There is also, of course, the fact that university presses wield astonishing power. The vast majority of authors who write for them have no literary agents and, such is the desperate need of academics to sustain their careers by getting published, these people are a publisher's dream: unworldly, compliant and doggily grateful that their work will appear in print, however badly they are treated.

In the past, this imbalance of power between publisher and author caused occasional acts of malpractice (not by chance did Robert Maxwell make his fortune in this area), and a general meanness towards authors, which only occasionally came to light. Now the game has become more complicated and somewhat seedier.

The astonishing, shaming decision of the Oxford University Press to dump, without appeal or exception, its highly respected poetry list has revealed that, while still claiming to be a special case when it suits them, university presses can act with all the crass short-sightedness and greed of their colleagues in the purely commercial sector. "The poetry list was making the marketing people face in a different direction from the way they are facing when they are promoting the World's Classics series or The Oxford History of Nursing," was how an OUP suit attempted to explain the decision to The Independent's John Walsh.

That phrase, indeed the whole sorry saga, explains why modern publishing is now accorded so little respect. For as long as anyone can remember, the only direction that marketing people face is up the bottoms of their powerful bookselling customers.

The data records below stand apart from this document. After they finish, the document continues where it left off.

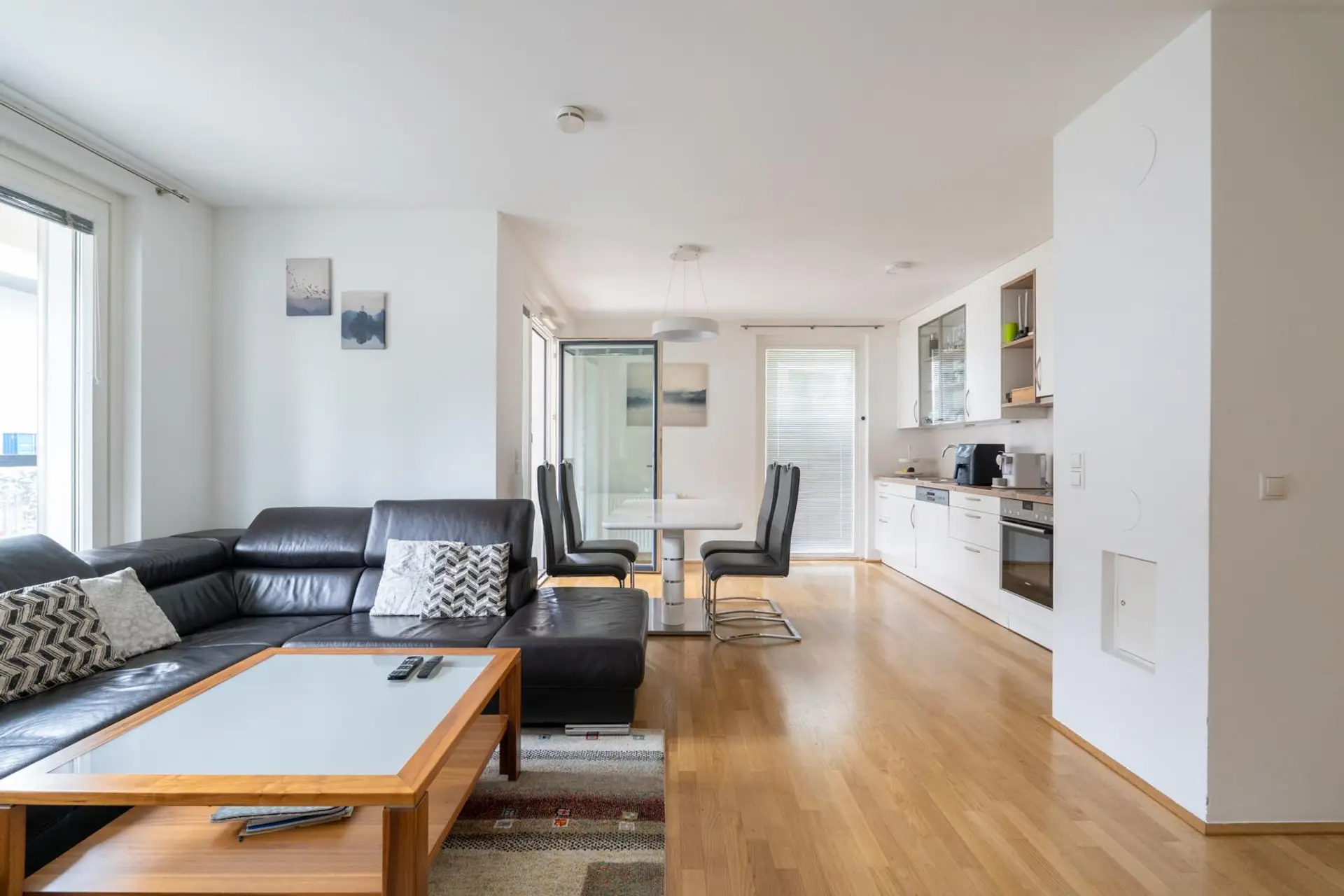 The fully equipped living room/ kitchen is flooded with daylight and leads to the terrace/loggia, where you can enjoy a barbeque or an evening drink with expansive views.
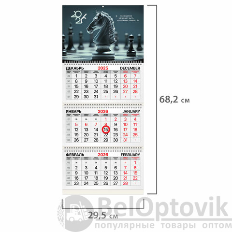 Офисный календарь на 2026 год на 3-х гребнях. Для удобства планирования состоит из 3-х блоков с календарными сетками на три месяца – предыдущий, текущий и последующий. Блок календаря напечатан на мелованной бумаге плотностью 80 г/м2. Подложка изготовлена из мелованного картона плотностью 250 г/м2. Магнитный курсор-бегунок выделяет текущую дату. Вертикальное расположение. Размер – 29,5х68,2 см.
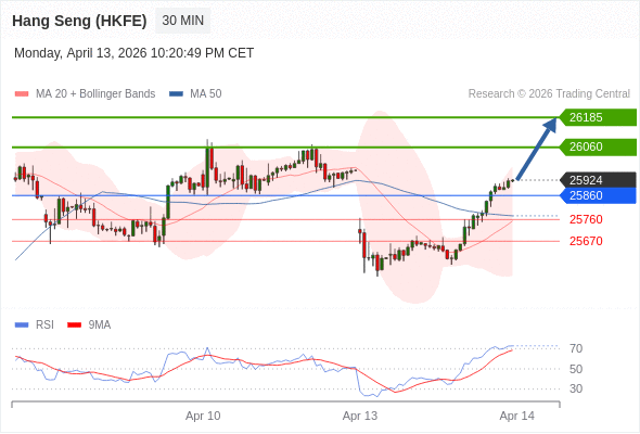 在 25860 之上,看涨,目标价位为 26060 ,然后为 26185 。
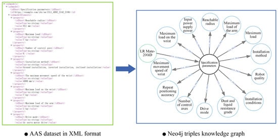 Specifically, the script extracts the submodel and property nodes from the XML files, which represent the entities of the assets. Each asset’s unique identifier is treated as an entity in the knowledge graph, creating a standardized digital representation. During the parsing process, the script also extracts RelationshipElements, which include the start and end points of relationships as well as the relationship type. These relationship elements represent the physical or data dependencies between the assets and form the edges in the knowledge graph. By analyzing the logical connections between assets, the interconnectivity of the assets is transformed into structured relationship information in the graph, enriching the semantic content of the knowledge graph. The extracted entities and relationships are mapped as triples and stored in a graph database, such as Neo4j. In addition, Neo4j’s graphical visualization capabilities allow the knowledge graph to be presented in an intuitive way, enabling users to interact dynamically with the assets and relationships. This facilitates deeper analysis and enhances the intelligent decision-making process.
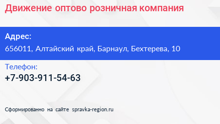 Движение, оптово-розничная компания по адресу 656011, Алтайский край, Барнаул, Бехтерева, 10 в дальнейшем Организация, размещена в следующих категориях:
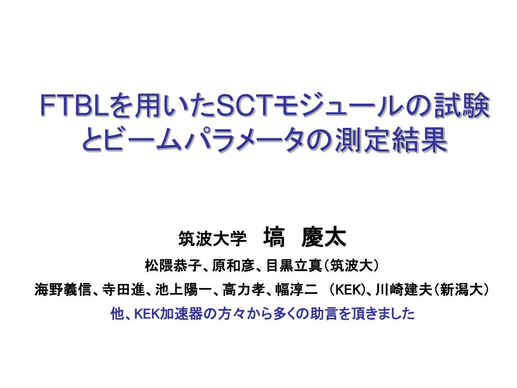 FTBLを用いたSCTモジュールの試験とビームパラメータの測定結果FTBLを用いたSCTモジュールの試験とビームパラメータの測定結果 筑波大学 塙 慶太 松隈恭子、原和彦、目黒立真(筑波大) 海野義信、寺田進、池上陽一、高力孝、幅淳二 (KEK)、川崎建夫(新潟大) 他、KEK加速器の方々から多くの助言を頂きました
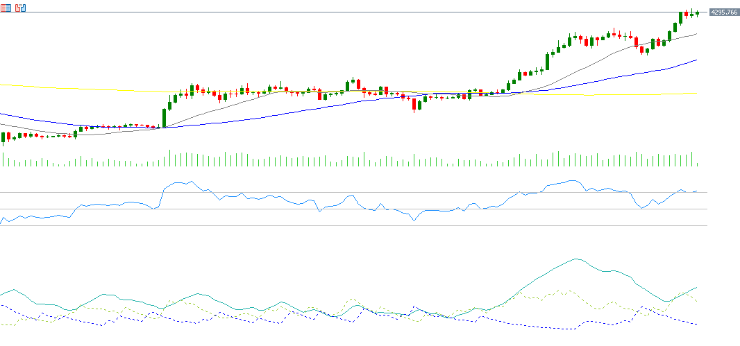 - انتظام المتوسطات المتحركة لـ20 و50 و200 يوم واتجاهها الصعودي، حيث يتجاوز متوسط الـ20 يومًا متوسط الـ50 يومًا، ويتجاوز متوسط الـ50 يومًا متوسط الـ200 يوم.
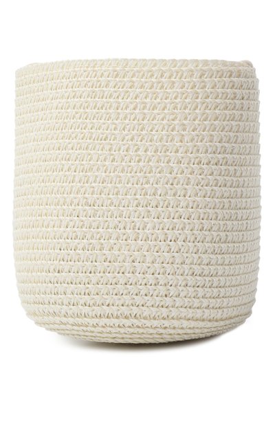 Бежевую сумку произвели в сотрудничестве с компанией Mifuko. Кенийская мастерица связала модель вручную из бумажного волокна, подтвердив уникальность биркой с автографом. Аксессуар дополнили яркими ручками из прочной текстильной ленты с контрастным паттерном в виде логотипа. Внутрь поместятся пляжное полотенце, книга, бутылка воды, смартфон.

Although publishers were never quite as virtuous and noble as they liked to pretend, it was generally accepted that, in a healthily run house, a balance would exist between the sales and the editorial sides. One attended to turnover and profit while the other created a list that occasionally involved risk in the name of future talent. A small proportion of the easy cash made from such series as the World's Classics would be ploughed back into more difficult areas of contemporary writing, such as poetry.

As anyone who works in a university will testify, academics are hopeless with money and the new, fiscally responsible approach to learning has left them floundering amid the balance sheets. But on this occasion they are in step with their colleagues in the large publishing conglomerates.

The trend there is towards quick and easy revenue-earners, books whose appeal can be grasped without difficulty by even the most money-crazed marketing person. Rather than nurture real writers who, in the future, will (all right, may) repay them with work of significance, they prefer to throw money at any politician or resting actor whose literary effort, however lame, will be relatively simple to promote. Editors, in their terror of bullying accountants, have chosen to forget that if they do not nurture today's writers, daring even to lose money over a book or two in the early stages of his or her career, they will become increasingly, disastrously dependent on the tried and tested, on passing fashion.

The refusal of academics to hold the line against commercialism is publishing's own trahison des clercs. Oxford University Press finds itself on the cutting edge of contemporary style culture.